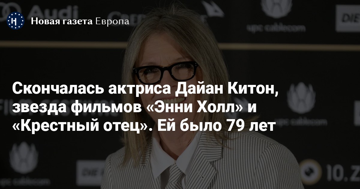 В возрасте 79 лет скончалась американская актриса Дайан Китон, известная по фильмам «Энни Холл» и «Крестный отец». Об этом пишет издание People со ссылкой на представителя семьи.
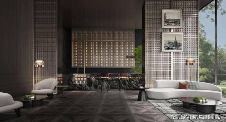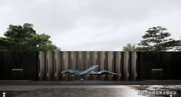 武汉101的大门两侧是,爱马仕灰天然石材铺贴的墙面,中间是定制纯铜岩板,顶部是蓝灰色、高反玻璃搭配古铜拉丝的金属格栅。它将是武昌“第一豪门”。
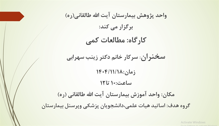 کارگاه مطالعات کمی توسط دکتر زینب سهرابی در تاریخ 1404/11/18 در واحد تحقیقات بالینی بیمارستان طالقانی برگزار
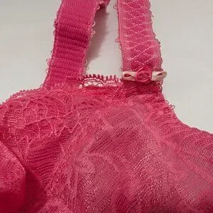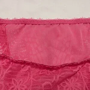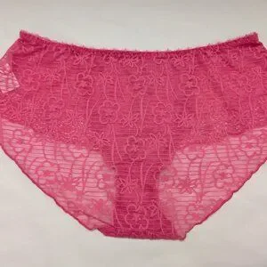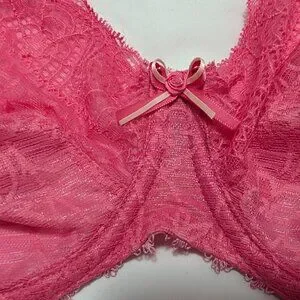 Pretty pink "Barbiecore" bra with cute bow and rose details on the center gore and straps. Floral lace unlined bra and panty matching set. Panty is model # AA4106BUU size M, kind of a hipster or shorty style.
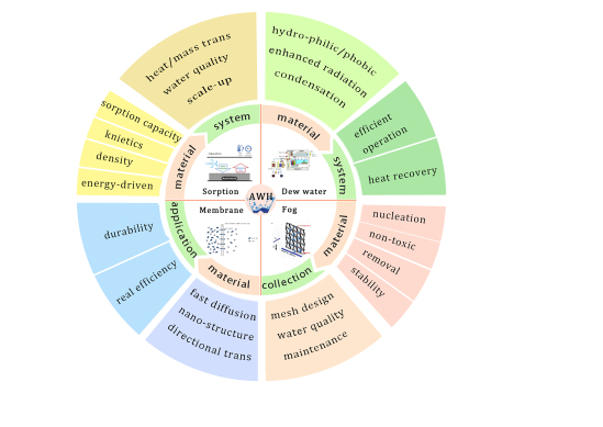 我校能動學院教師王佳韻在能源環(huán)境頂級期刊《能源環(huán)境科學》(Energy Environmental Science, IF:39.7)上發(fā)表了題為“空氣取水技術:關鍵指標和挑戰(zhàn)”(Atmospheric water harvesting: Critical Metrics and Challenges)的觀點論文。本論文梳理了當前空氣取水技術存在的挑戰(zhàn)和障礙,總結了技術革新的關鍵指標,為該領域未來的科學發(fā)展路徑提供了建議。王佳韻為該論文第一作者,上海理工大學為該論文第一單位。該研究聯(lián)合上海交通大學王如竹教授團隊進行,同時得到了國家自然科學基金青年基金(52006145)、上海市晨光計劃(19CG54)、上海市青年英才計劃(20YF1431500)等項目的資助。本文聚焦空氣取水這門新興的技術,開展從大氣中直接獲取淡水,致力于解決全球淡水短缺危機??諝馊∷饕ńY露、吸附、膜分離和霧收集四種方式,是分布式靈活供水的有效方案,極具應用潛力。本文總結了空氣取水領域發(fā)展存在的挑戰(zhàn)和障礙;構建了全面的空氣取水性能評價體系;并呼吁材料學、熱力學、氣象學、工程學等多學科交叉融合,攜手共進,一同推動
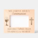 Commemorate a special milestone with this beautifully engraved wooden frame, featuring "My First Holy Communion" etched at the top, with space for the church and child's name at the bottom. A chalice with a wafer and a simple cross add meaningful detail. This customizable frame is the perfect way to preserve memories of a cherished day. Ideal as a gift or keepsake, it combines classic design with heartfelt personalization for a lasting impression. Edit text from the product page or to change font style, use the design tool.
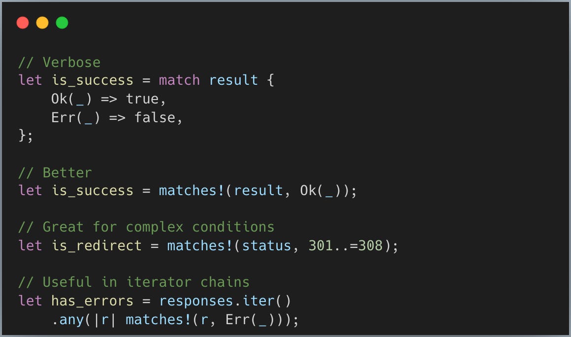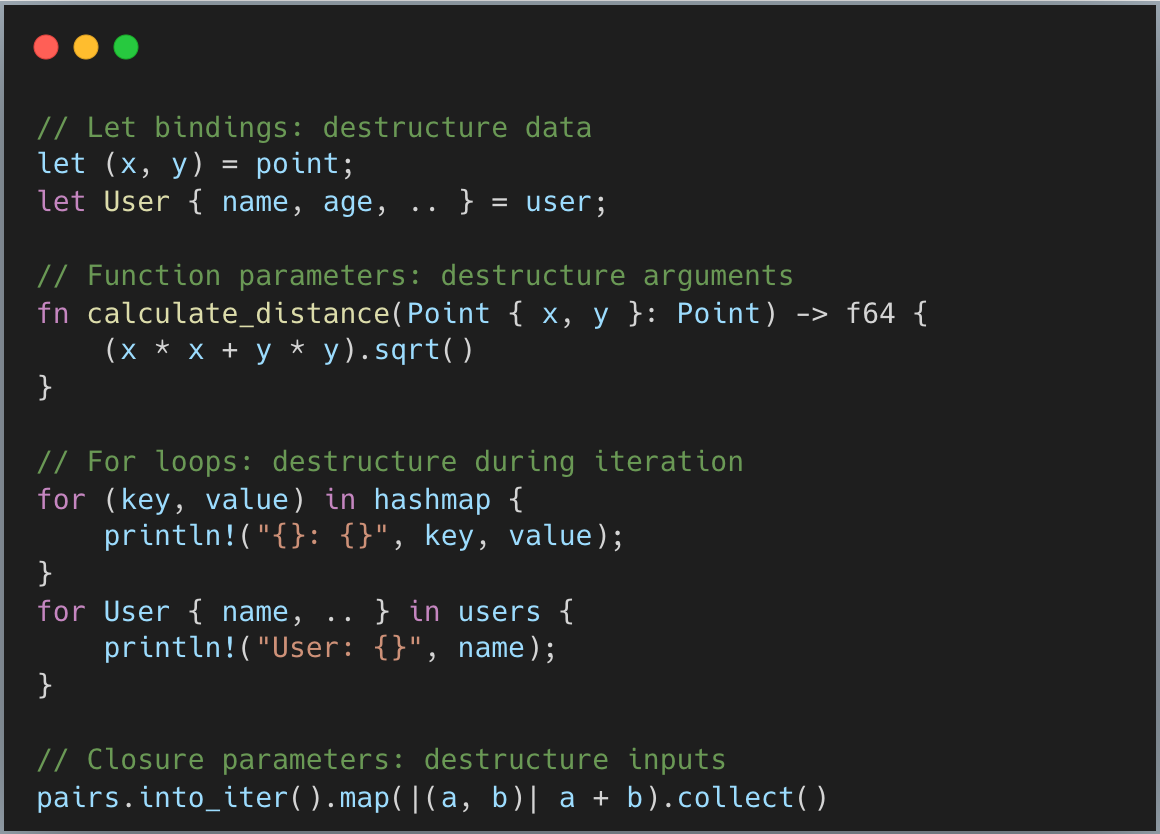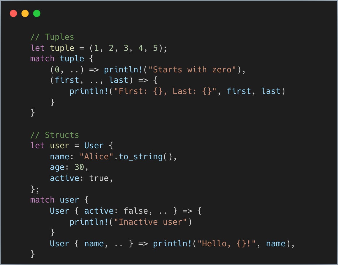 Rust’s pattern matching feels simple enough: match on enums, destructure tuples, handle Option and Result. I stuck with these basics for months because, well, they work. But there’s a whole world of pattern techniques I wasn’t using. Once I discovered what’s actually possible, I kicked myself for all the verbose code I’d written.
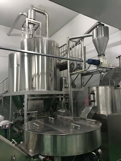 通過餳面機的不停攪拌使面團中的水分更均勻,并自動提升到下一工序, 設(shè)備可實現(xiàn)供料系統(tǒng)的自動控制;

----

Work task: Copy exactly the lines from the one containing "Rust’s pattern matching" through the last line of the records above, including both, and omit every picture.

Task response:
 Rust’s pattern matching feels simple enough: match on enums, destructure tuples, handle Option and Result. I stuck with these basics for months because, well, they work. But there’s a whole world of pattern techniques I wasn’t using. Once I discovered what’s actually possible, I kicked myself for all the verbose code I’d written.
 通過餳面機的不停攪拌使面團中的水分更均勻,并自動提升到下一工序, 設(shè)備可實現(xiàn)供料系統(tǒng)的自動控制;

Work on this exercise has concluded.